Authors disagree about what humankind should expect on Dec. 21, 2012,
when the Maya's "Long Count" calendar marks the end of a 5,126-year era.

Journalist Lawrence Joseph forecasts widespread catastrophe in
Apocalypse 2012: A Scientific Investigation Into Civilization's End.
Spiritual healer Andrew Smith predicts a restoration of a "true balance
between Divine Feminine and Masculine" in The Revolution of 2012: Vol.
1, The Preparation. In 2012, Daniel Pinchbeck anticipates a "change in
the nature of consciousness," assisted by indigenous insights and
psychedelic drug use.

The buildup to 2012 echoes excitement and fear expressed on the eve of
the new millennium, popularly known as Y2K, though on a smaller scale,
says Lynn Garrett, senior religion editor at Publishers Weekly. She says
publishers seem to be courting readers who believe humanity is creating
its own ecological disasters and desperately needs ancient indigenous
wisdom.

"The convergence I see here is the apocalyptic expectations, if you
will, along with the fact that the environment is in the front of many
people's minds these days," Garrett says. "Part of the appeal of these
earth religions is that notion that we need to reconnect with the Earth
in order to save ourselves."

But scholars are bristling at attempts to link the ancient Maya with
trends in contemporary spirituality. Maya civilization, known for
advanced writing, mathematics and astronomy, flourished for centuries in
Mesoamerica, especially between A.D. 300 and 900. Its Long Count
calendar, which was discontinued under Spanish colonization, tracks more
than 5,000 years, then resets at year zero.

"For the ancient Maya, it was a huge celebration to make it to the end
of a whole cycle," says Sandra Noble, executive director of the
Foundation for the Advancement of Mesoamerican Studies in Crystal River,
Fla.
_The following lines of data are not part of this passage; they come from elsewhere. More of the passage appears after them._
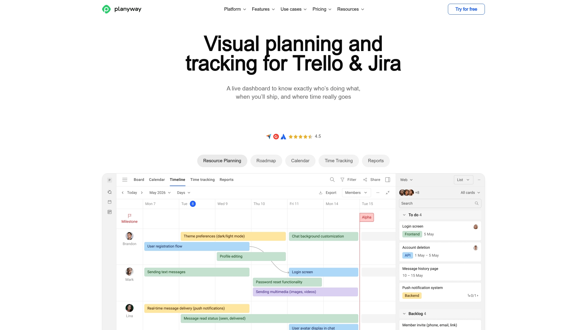 Das besondere an Planyway ist die Kombination aus visueller Timeline und direkter Anbindung an etablierte Tools wie Trello und Jira. Diese Verbindung ermöglicht synchronisierte Pläne ohne doppelte Pflege und klare Ressourceneinsichten.
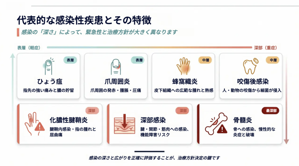 感染の深さと進行速度を見極め、手の機能を守ることが重要です
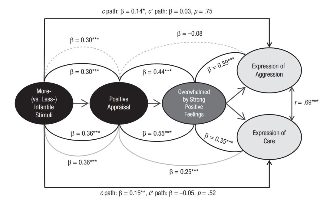 Aragón, O. R., Clark, M. S., Dyer, R. L.,& Bargh, J. A. (2015). Dimorphous expressions of positive emotion: Displays of both care and aggression in response to cute stimuli. Psychological Science, 26(3), 259–273.

To render Dec. 21, 2012, as a doomsday or moment of cosmic
shifting, she says, is "a complete fabrication and a chance for a lot of
people to cash in."

Part of the 2012 mystique stems from the stars. On the winter solstice
in 2012, the sun will be aligned with the center of the Milky Way for
the first time in about 26,000 years. This means that "whatever energy
typically streams to Earth from the center of the Milky Way will indeed
be disrupted on 12/21/12 at 11:11 p.m. Universal Time," Joseph writes.

But scholars doubt the ancient Maya extrapolated great meaning from
anticipating the alignment — if they were even aware of what the
configuration would be.

Astronomers generally agree that "it would be impossible the Maya
themselves would have known that," says Susan Milbrath, a Maya
archaeoastronomer and a curator at the Florida Museum of Natural
History. What's more, she says, "we have no record or knowledge that
they would think the world would come to an end at that point."

University of Florida anthropologist Susan Gillespie says the 2012
phenomenon comes "from media and from other people making use of the
Maya past to fulfill agendas that are really their own."